Counter-arguments are, predictably, given much less time. the Historical breechloading small-arms Association’s (HBSA) Derek Stimpson is interviewed, and talks very sensibly about why an electronic register wouldn’t work, stating that ‘what would eventually happen is that all the collectors would put them on the register but the criminals wouldn’t – they’re the ones that buy the ammunition, and clearly they’re not going to come along and declare it’.
Stimpson does an excellent job of putting forward his point of view, but for me the best voices of reason in the programme were also the least expected: Dylan Duffus and Simeon Moore. These two former criminals now have a programme that goes into schools and strives to keep young black men from being drawn intro crime, showing them that ‘death, jail and (poor) mental health – these are the only three things that are guaranteed from this lifestyle’.
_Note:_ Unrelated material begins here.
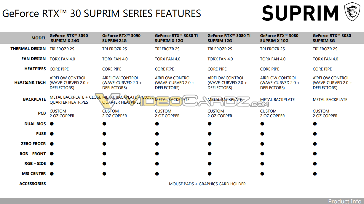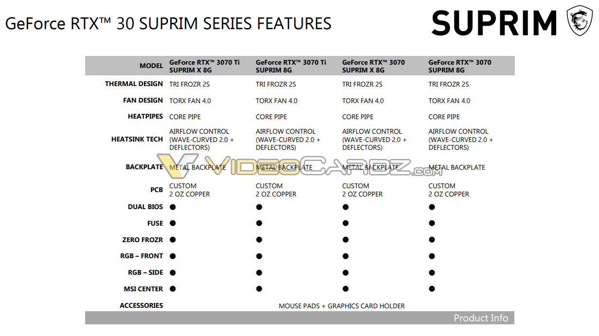 Videocardz również wcześniej ujawnił informacje o produktach z serii MSI SUPRIM i raz na zawsze zakończył debatę dotyczącą pamięci. RTX 3080 Ti stanowi znaczące ulepszenie w stosunku do RTX 3080 (jest to w zasadzie nieznacznie przycięty RTX 3090) przy 10240 rdzeniach. Z drugiej strony RTX 3070 Ti oferuje niewielkie ulepszenie w stosunku do RTX 3070.

The pair talk about the guns available on the street, listing the huge number of illegal pistols, automatics and shotguns that they’ve personally used before talking about antiques, brilliantly making the point that the ‘loophole’ around legal antiques isn’t the reason so many shootings are happening, but rather that the need to acquire guns of any sort is a by-product of this destructive lifestyle. they do, however, comment that antiques are the most reliable guns, which should warm the heart of anyone who thinks CNC machines have corrupted the art of gunmaking.
Towards the end of the programme, one of this pair comments that: ‘we need to change the whole way we operate, because for me that’s the only thing that’s going to take us away from where we are now’. If only that were also true of the BBC, and they could see that sensationalist reporting on the effects, rather than the causes of the problems can only make things worse for everyone.